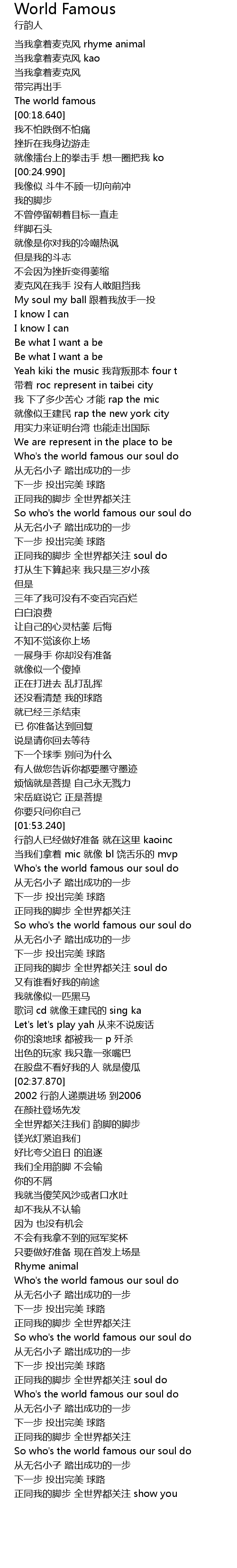| [03:03.390] | Who's the world famous our soul do |
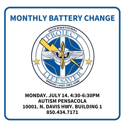🚨Don't forget to get those batteries changed!🚨 Stop by the office on Monday, July 14th, anytime between 4:30-6:30PM! We'll check your transmitter and send you home with a fresh new battery installed. 💙 #projectlifesaver #autismpensacola #autismawareness #autismadvocacy #escambiasearchandrescue (fb)
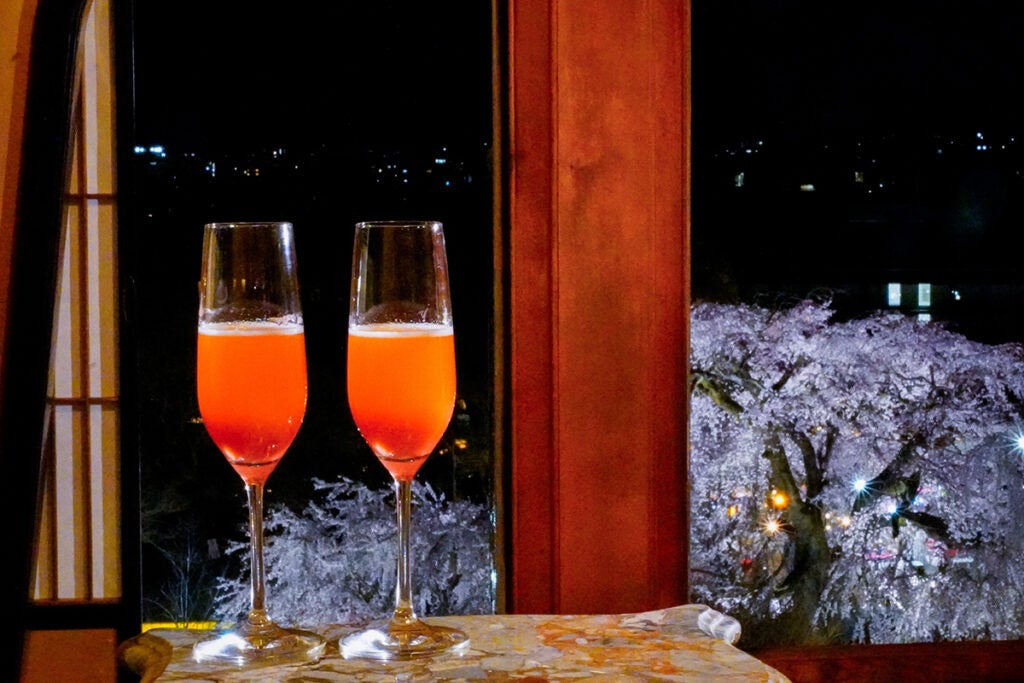 滞在中には、通常非公開の和室「御成の間」を特別に開放。かがり火に照らされた祇園枝垂れ桜を眼下に望みながら過ごすひとときは、歴史的空間と自然美が調和する、長楽館ならではの体験です。
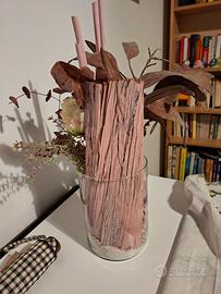 vendo bellissimo vaso in vetro con pietanze, sabbia e bellissimi fiori artificiali. scarpellini garden
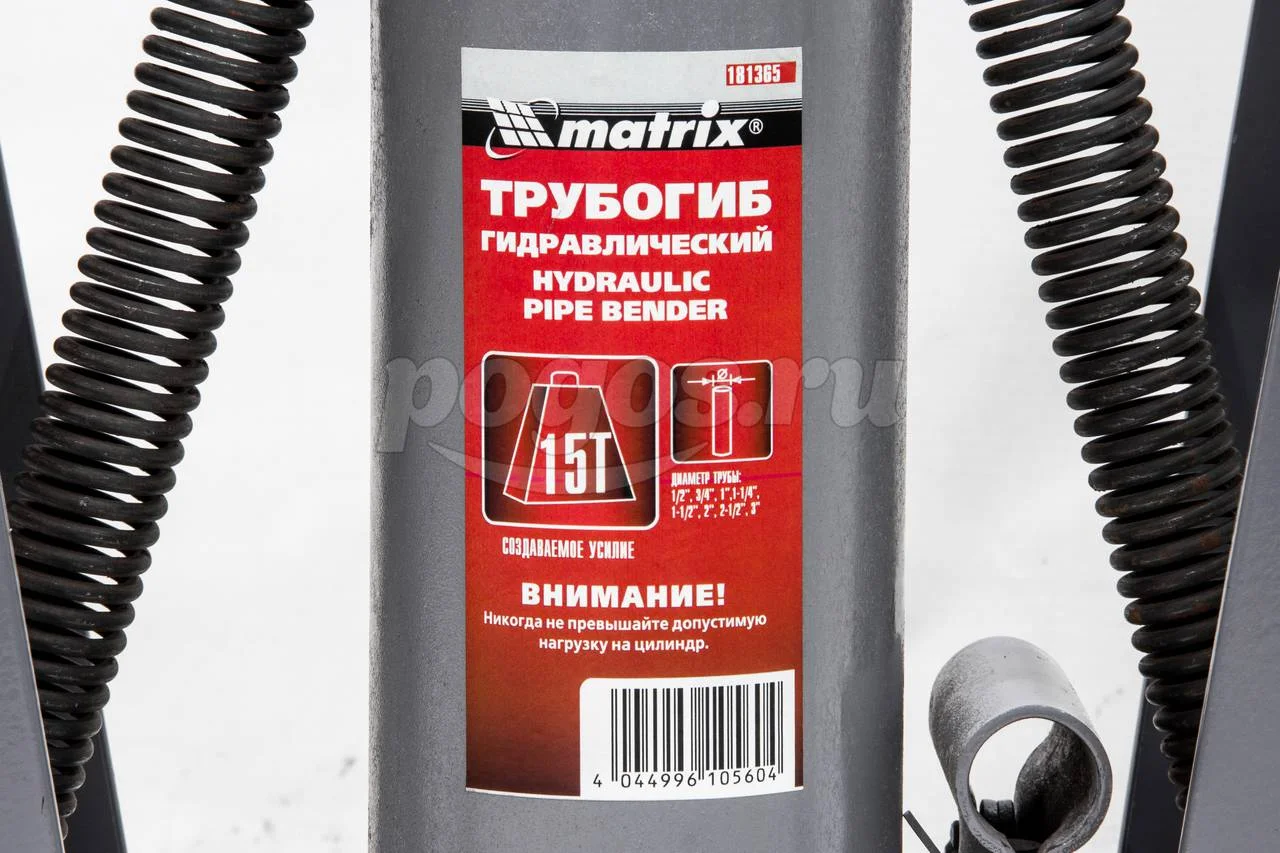 Гидравлический трубогиб с башмаками 1/2"-3", 15т MATRIX 181365 позволяет изгибать трубы из стали без необходимости их предварительного нагрева.
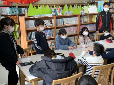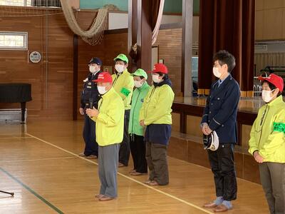 今日の地区児童会の内容は、これまで班長を務めてくれた6年生から5年生へと班の旗が引き継ぎ、3学期の登校の反省などが中心でした
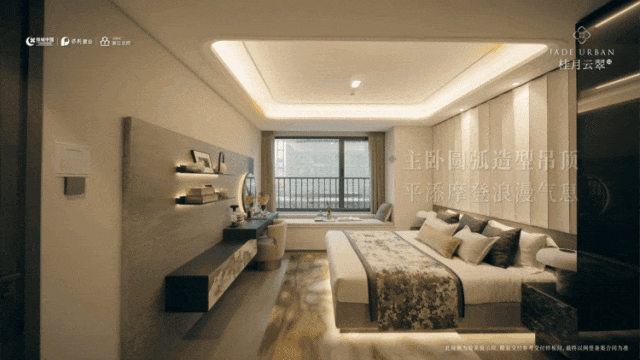 ◈YKK三玻两腔系统门窗:除安全间、阳台门外,均采用YKK三玻两腔系统门窗,保温降噪效果更佳。◈造型背景与吊顶:主卧床头背景墙采用皮革与金属硬包,搭配圆弧造型吊顶,更显温馨。
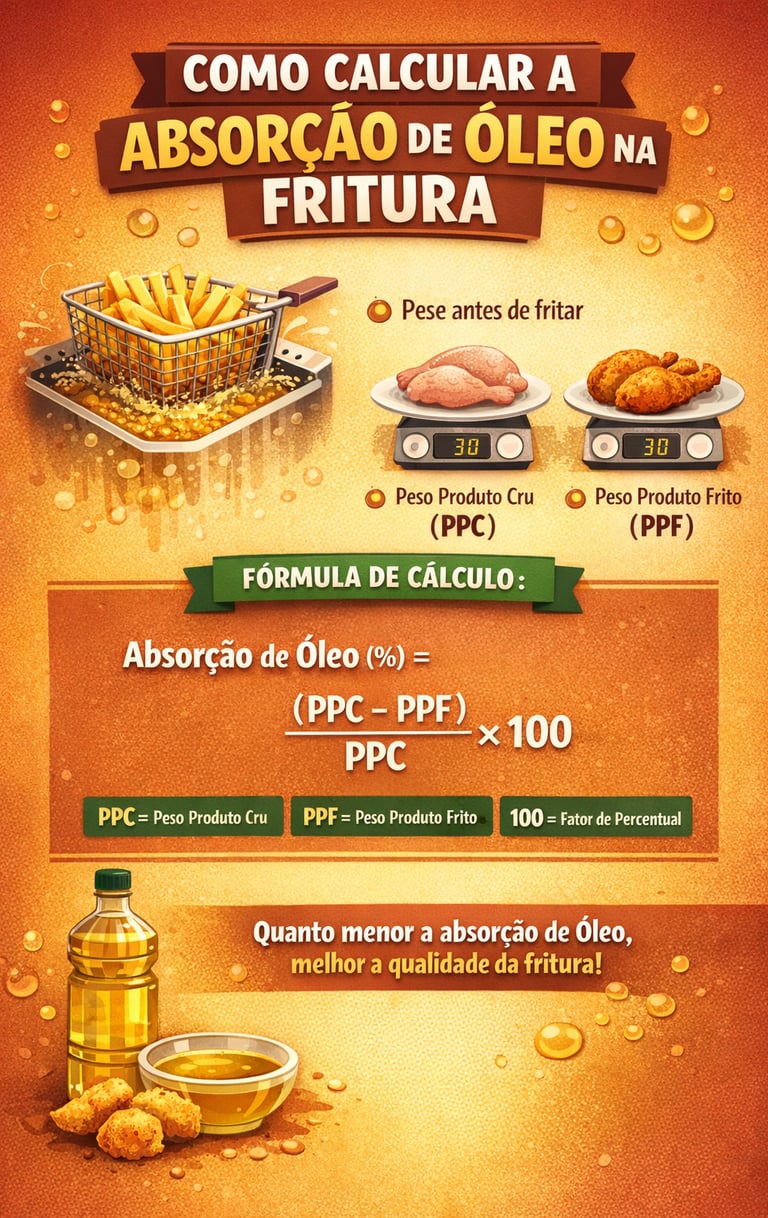 Durante o processo de fritura por imersão ocorre transferência simultânea de calor, água e lipídios entre o alimento e o meio de fritura. A evaporação da água do alimento gera porosidade na matriz alimentar, permitindo a penetração de óleo, principalmente na etapa final do processo e durante o resfriamento. Esse fenômeno altera significativamente o valor energético, o teor de lipídios e o rendimento da preparação, sendo fundamental seu conhecimento em estudos de composição nutricional, fichas técnicas e controle de qualidade em Unidades de Alimentação e Nutrição (UAN) (Bordin; Krolow; Kubota, 2013; Saguy; Dana, 2003).
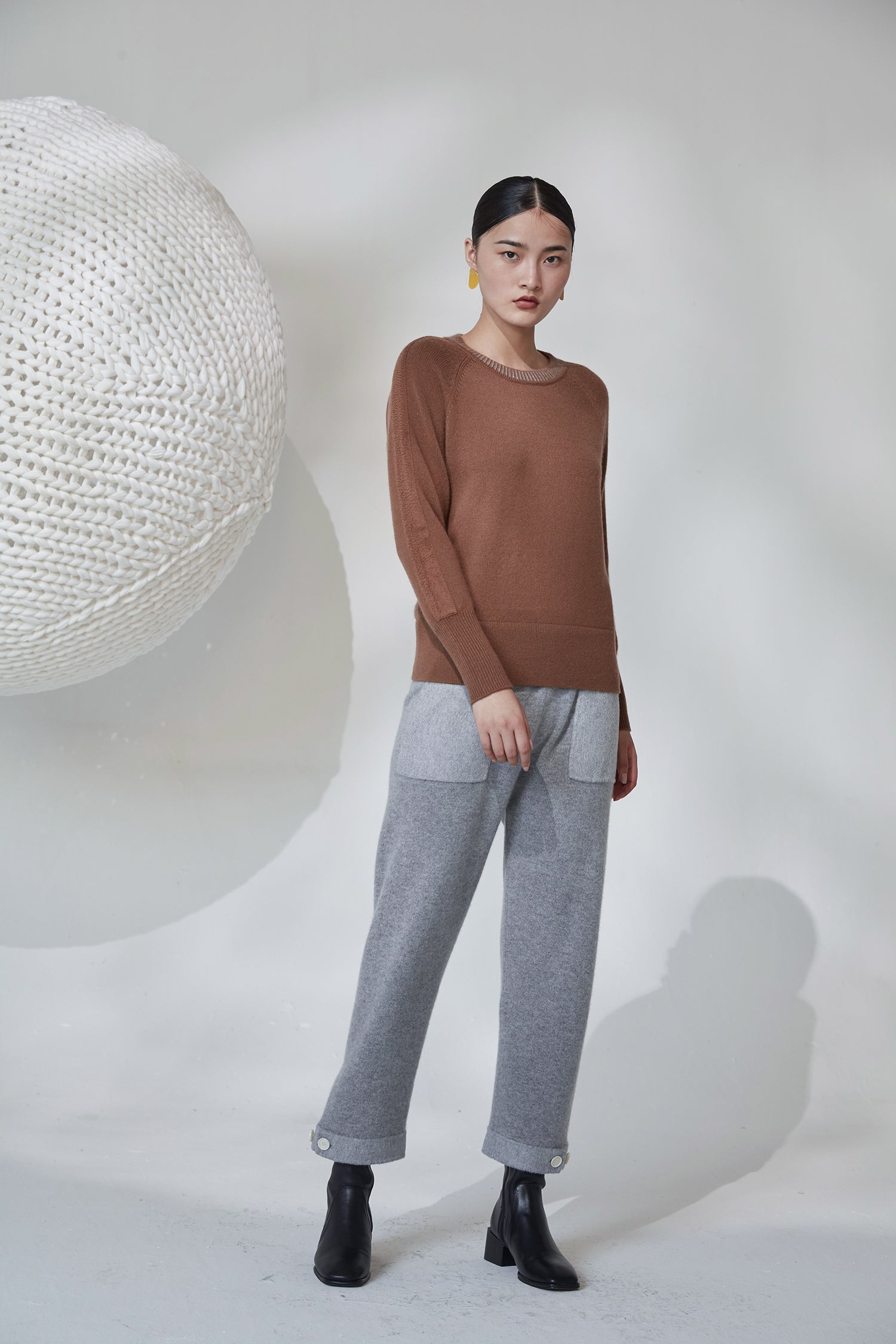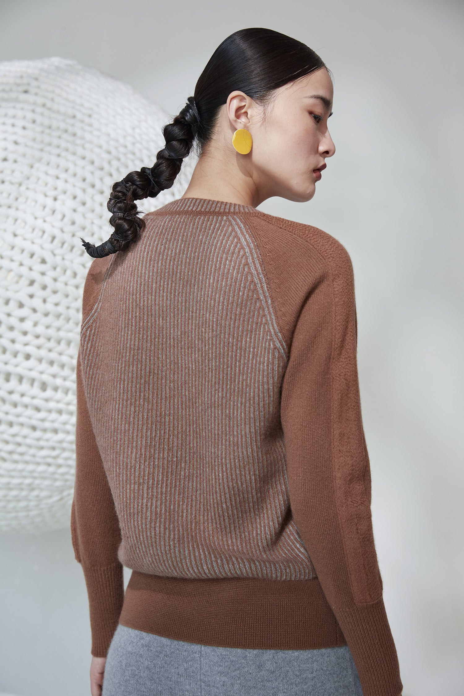Crafted from extra thick 26S2/2 cashmere, with two color cardigan stitch at the back, this jumper is shaped to an relaxed fit topped with a classic round neck and dropped shoulders.
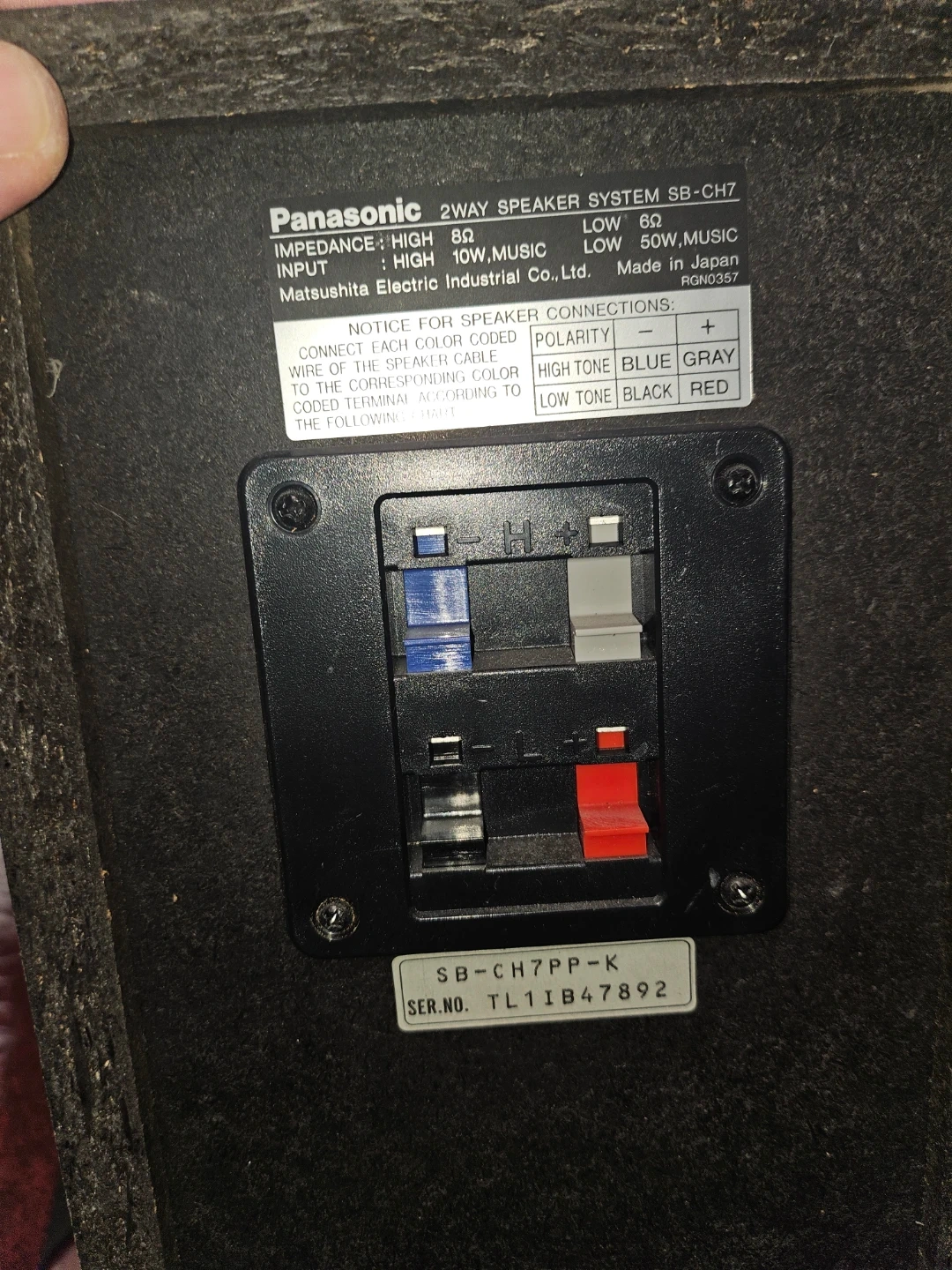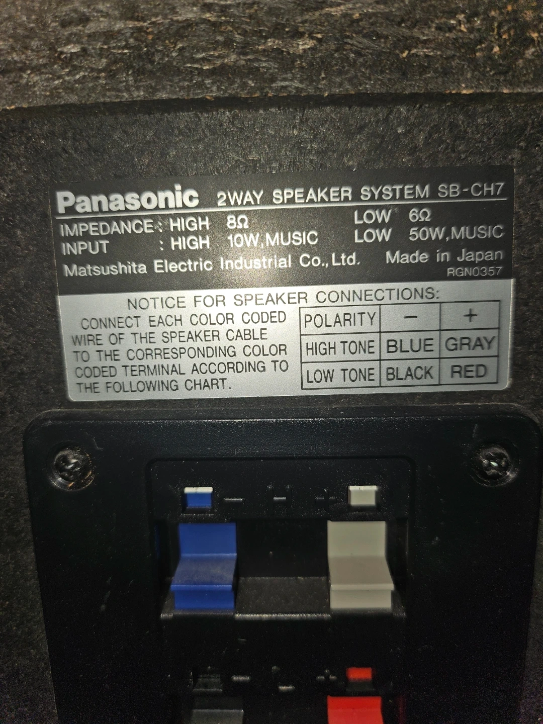 A pair of black Panasonic SB-CH7 2-way speaker systems. They're made in Japan and have an impedance of 8 ohms. Each speaker has a high tone input of 10W (music) and a low tone input of 50W (music).
::::
> [ABOUT THIS TASK]:
Print the material above once more, exactly. No pictures belong in it.

> [ANSWER AREA]:
| [03:03.390] | Who's the world famous our soul do |
🚨Don't forget to get those batteries changed!🚨 Stop by the office on Monday, July 14th, anytime between 4:30-6:30PM! We'll check your transmitter and send you home with a fresh new battery installed. 💙 #projectlifesaver #autismpensacola #autismawareness #autismadvocacy #escambiasearchandrescue (fb)
 滞在中には、通常非公開の和室「御成の間」を特別に開放。かがり火に照らされた祇園枝垂れ桜を眼下に望みながら過ごすひとときは、歴史的空間と自然美が調和する、長楽館ならではの体験です。
 vendo bellissimo vaso in vetro con pietanze, sabbia e bellissimi fiori artificiali. scarpellini garden
 Гидравлический трубогиб с башмаками 1/2"-3", 15т MATRIX 181365 позволяет изгибать трубы из стали без необходимости их предварительного нагрева.
 今日の地区児童会の内容は、これまで班長を務めてくれた6年生から5年生へと班の旗が引き継ぎ、3学期の登校の反省などが中心でした
 ◈YKK三玻两腔系统门窗:除安全间、阳台门外,均采用YKK三玻两腔系统门窗,保温降噪效果更佳。◈造型背景与吊顶:主卧床头背景墙采用皮革与金属硬包,搭配圆弧造型吊顶,更显温馨。
 Durante o processo de fritura por imersão ocorre transferência simultânea de calor, água e lipídios entre o alimento e o meio de fritura. A evaporação da água do alimento gera porosidade na matriz alimentar, permitindo a penetração de óleo, principalmente na etapa final do processo e durante o resfriamento. Esse fenômeno altera significativamente o valor energético, o teor de lipídios e o rendimento da preparação, sendo fundamental seu conhecimento em estudos de composição nutricional, fichas técnicas e controle de qualidade em Unidades de Alimentação e Nutrição (UAN) (Bordin; Krolow; Kubota, 2013; Saguy; Dana, 2003).
Crafted from extra thick 26S2/2 cashmere, with two color cardigan stitch at the back, this jumper is shaped to an relaxed fit topped with a classic round neck and dropped shoulders.
 A pair of black Panasonic SB-CH7 2-way speaker systems. They're made in Japan and have an impedance of 8 ohms. Each speaker has a high tone input of 10W (music) and a low tone input of 50W (music).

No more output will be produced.